• **Supplied records**:
■ ■ ■ ■

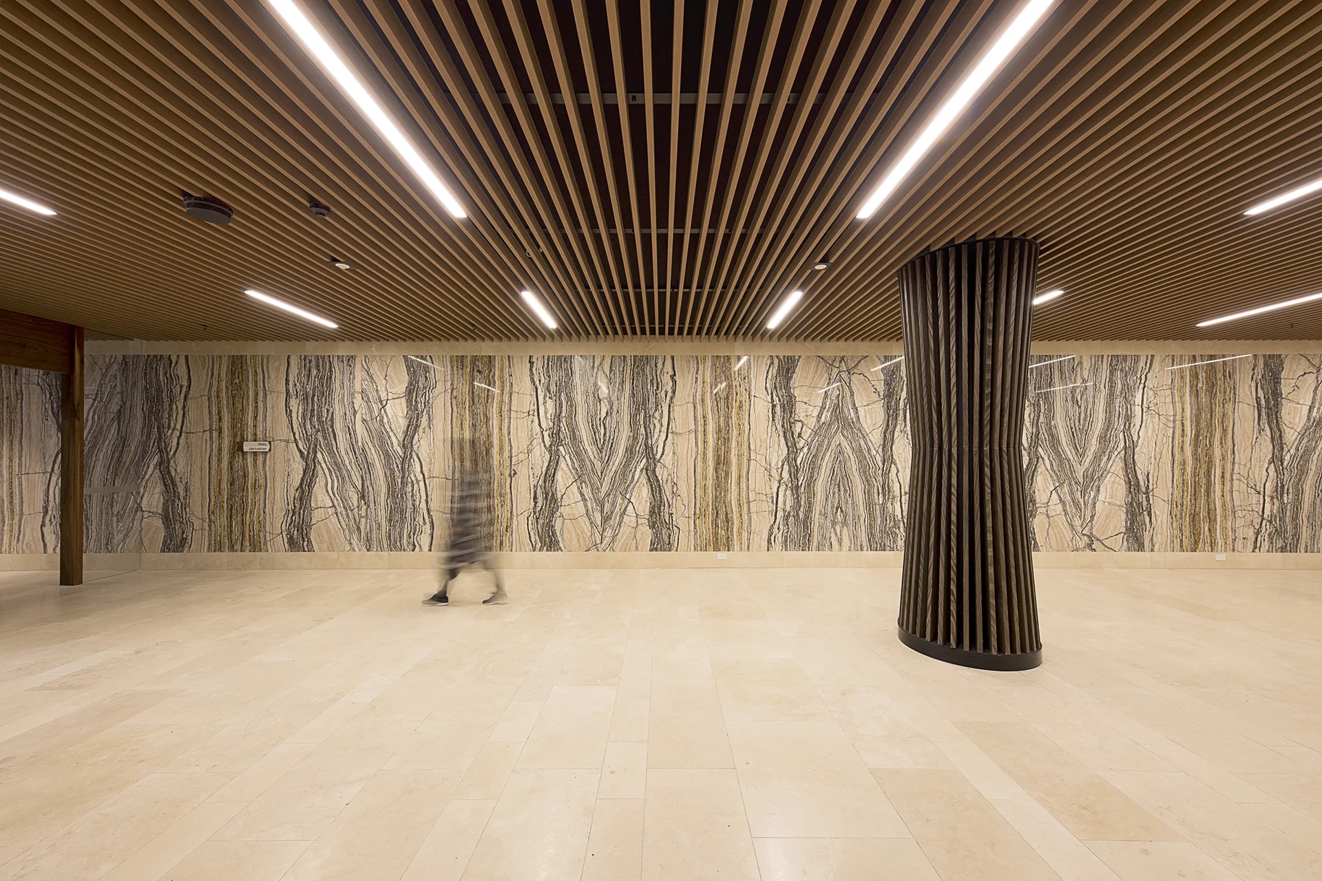 One of the first sights to greet residents when they walk into the building, the suspended batten ceiling creates a sense of warmth and luxury—the perfect combination to come home to.
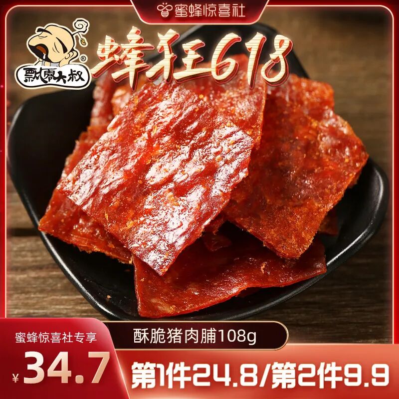 【蜜蜂驚喜社】飄零大叔酥脆豬肉脯香辣味靖江肉干豬油渣解饞零食復(fù)制這段信息,打開手機(jī)淘◇寳就可
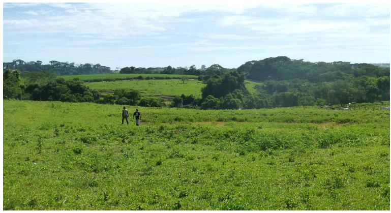 Este padrão de relevo ocorre na maior parte da BRP (55%), em encostas pouco dissecadas com curvatura convexa em gradiente suave. É observado principalmente nas bordas dos topos planos, caracterizando uma transição de um relevo plano para um relevo de colinas onduladas ou planícies fluviais. Neste padrão de relevo se observa tanto os processos de pedogênese quanto os processos de morfogênese, com predominância de erosão do tipo laminar sobre os Argissolos Vermelho-Amarelos profundos e bem drenados (Figura 6).
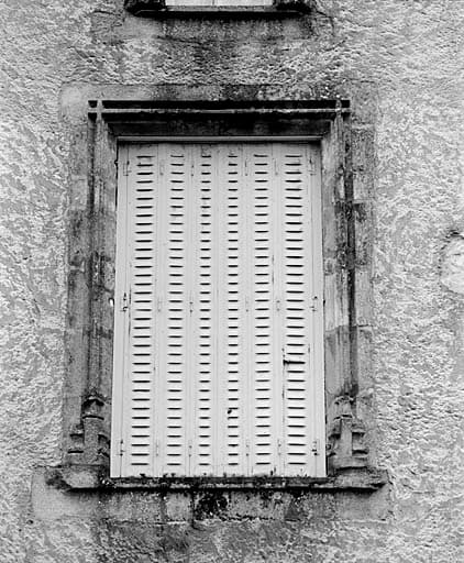 Logis, élévation sud-ouest, fenêtre en remploi (provenant d'une maison de Chenay).
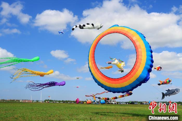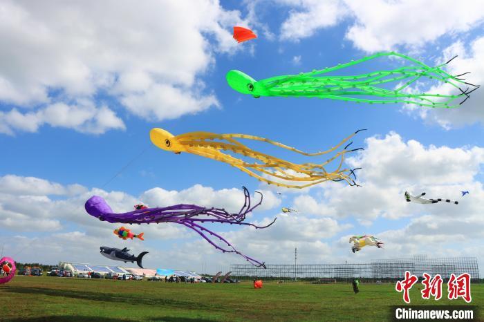 中新网潍坊9月21日电(徐晓宇 孙婷婷)2024潍坊风筝嘉年华暨山东省第11届风筝锦标赛9月21日在潍坊滨海国际风筝放飞场开赛。本次嘉年华以“放飞梦想 拥抱世界”为主题,来自山东省的25支队伍、约130名运动员和裁判员参赛。

■ ■ ■ ■

• **Exercise goal**: The expected output is an exact copy of the lines from the top of the data above through the line containing "Logis, élévation sud-ouest, fenêtre", both included, with every picture omitted.

• **Task result**:
 One of the first sights to greet residents when they walk into the building, the suspended batten ceiling creates a sense of warmth and luxury—the perfect combination to come home to.
 【蜜蜂驚喜社】飄零大叔酥脆豬肉脯香辣味靖江肉干豬油渣解饞零食復(fù)制這段信息,打開手機(jī)淘◇寳就可
 Este padrão de relevo ocorre na maior parte da BRP (55%), em encostas pouco dissecadas com curvatura convexa em gradiente suave. É observado principalmente nas bordas dos topos planos, caracterizando uma transição de um relevo plano para um relevo de colinas onduladas ou planícies fluviais. Neste padrão de relevo se observa tanto os processos de pedogênese quanto os processos de morfogênese, com predominância de erosão do tipo laminar sobre os Argissolos Vermelho-Amarelos profundos e bem drenados (Figura 6).
 Logis, élévation sud-ouest, fenêtre en remploi (provenant d'une maison de Chenay).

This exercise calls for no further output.